Провокация была задумана хитроумно: если бы Христос, основываясь на свидетельствах (а их было более двух, как того и требовал закон Моисея), сказал: «Да, в соответствии с законом Моисея женщину надо казнить», — Его бы обвинили в том, что Он не подчиняется римским властям (евреи не имели права совершить ни одной казни без утверждения приговора римским наместником) и потому — бунтовщик и опасен для кесаря, римского народа и еврейской нации. А если бы Иисус сказал, что женщину нужно отпустить, то Его обвинили бы в неуважении к закону Моисея, мнениям популярных богословов и в пренебрежении свидетелями (фарисеи — у-важ-жаемые люди), а это означало лишение Его в глазах народа статуса пророка и присвоение Ему другого — богохульника.

У Иисуса не было возможности сказать ни «да», ни «нет». И, как следует из повествования, Он и не сказал. Более того, Он без единого слова теологической проповеди возвысил еще одну душу на более высокую ступень спасения.

Все, что Он ей сказал, было:

Женщина! где твои обвинители? никто не осудил тебя?..

Такую проповедь трудно назвать продолжительной.

Но разве дело в словах? Смысл всяких слов определяется прежде всего интонацией, тоном, предварением неких последующих слов. (В данном случае в них подразумевалось: «И Я не осуждаю тебя».) После бегства «совести нации» со двора Храма женщина сказала Ему: «никто, Господи!»
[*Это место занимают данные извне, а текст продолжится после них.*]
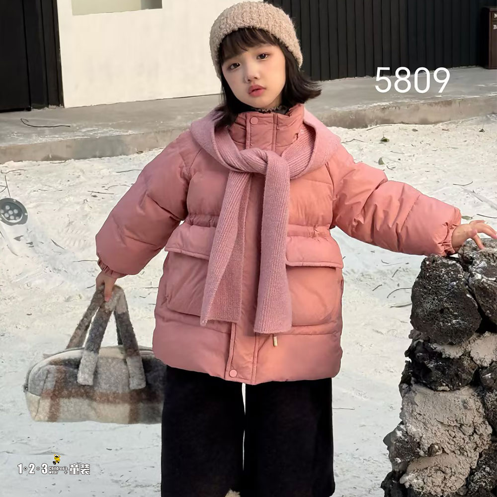粉 冬款 女中童5809 JJDD时尚厚棉衣123童装连锁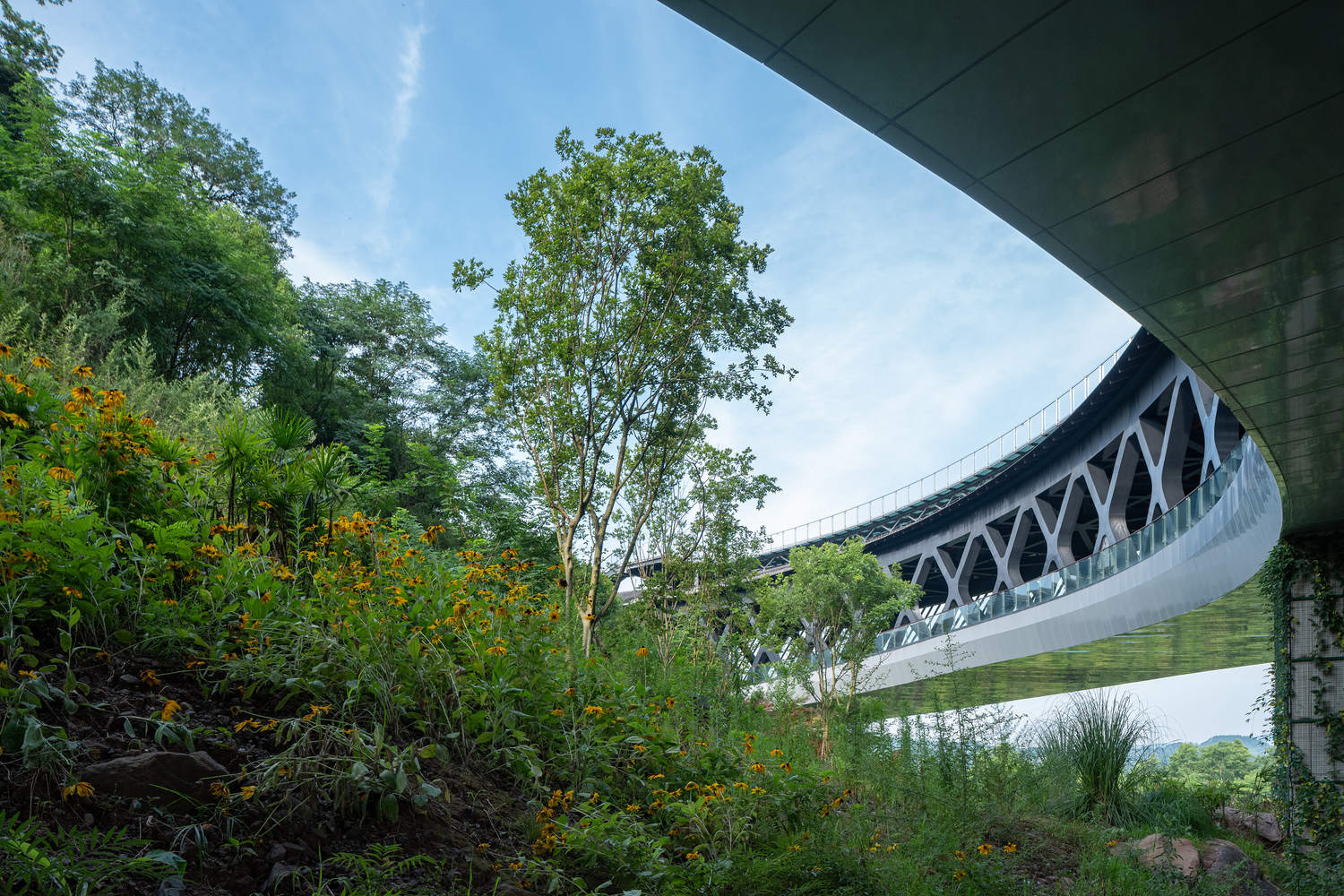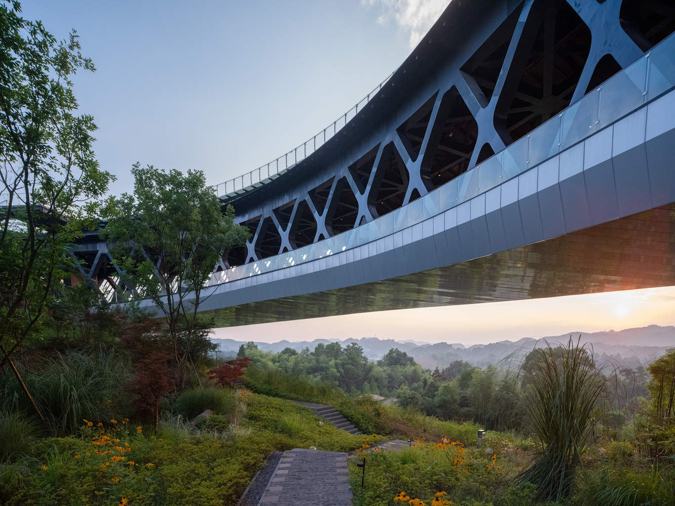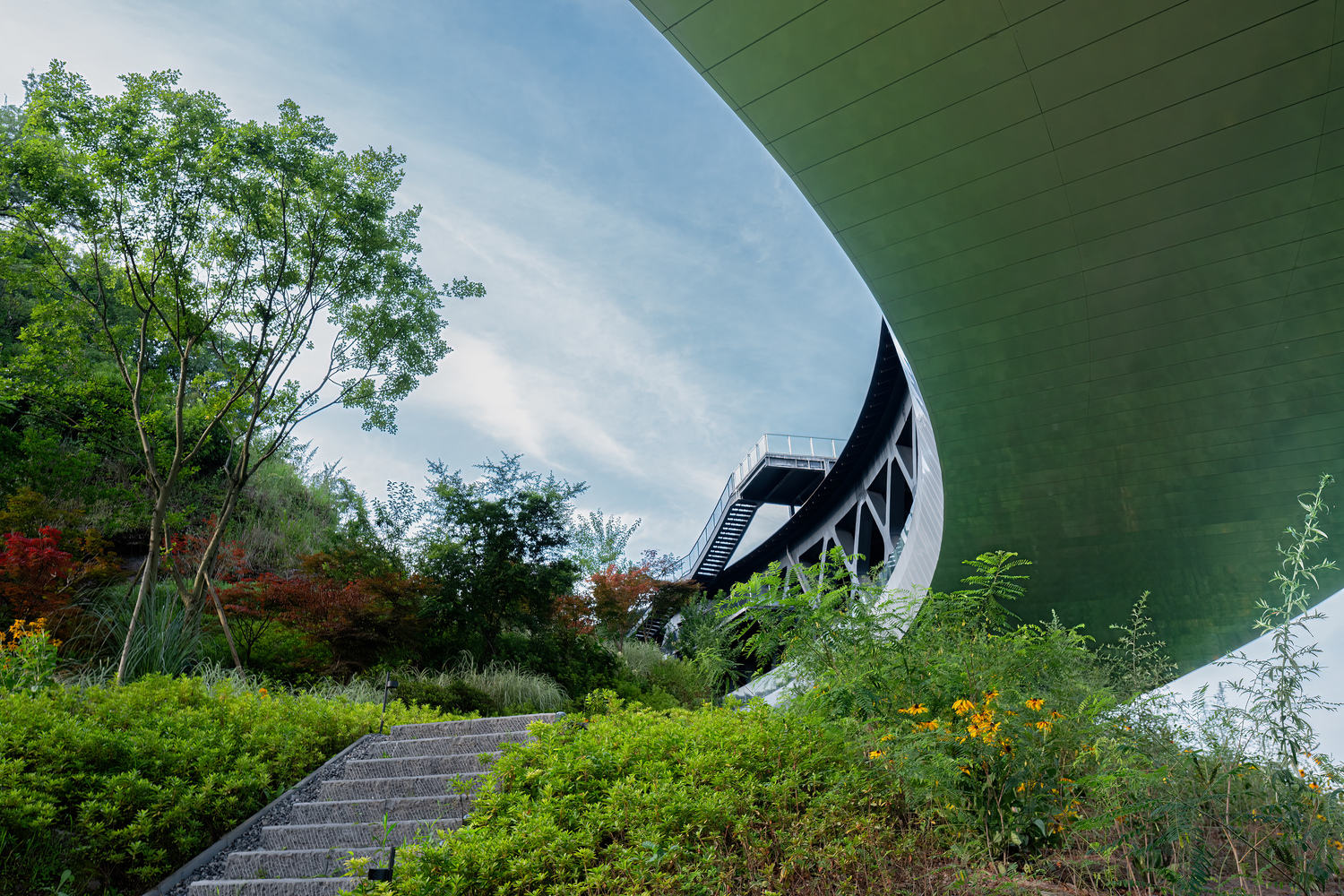 上部圆形部分有一座85米长的浮桥环绕着山丘,形成了一个风景优美的自然地标。屋顶光伏玻璃走道可以欣赏到外面的乡村景观和宁静的内山,继续与保存完好的山寺对话,成为自然的精神象征。

Занятное, согласитесь, обращение к незнакомому мужчине, умеющему писать на земле…

Но в этом единственном слове — Господи! — вся прошлая и будущая судьба приведенной женщины. Если бы она еще до привода на суд почитала Его как Господа (а в тот год это кое-что да значило, Господом Его тогда почитали всего несколько человек, и это было, воистину, их личное решение!), то она присоединилась бы к Его ученикам. И знала бы Его по имени. К тому же сомнительно, чтобы она, будучи водима Духом Его, могла оказаться в ситуации, в которой ее были вправе схватить за волосы и потащить на суд. Отсюда следует, что она с Иисусом не только беседовала впервые, но и впервые Его исповедала Господом. Такое исповедание и есть внешнее проявление главного из чудес обращения человека.

Однако, всякий, кто сталкивался с неподдельными чудесами, знает, что чудеса не случаются просто так. Обращение женщины произошло не вдруг (вдруг ничего не бывает), оно в прежние времена было подготовлено развитием ее души.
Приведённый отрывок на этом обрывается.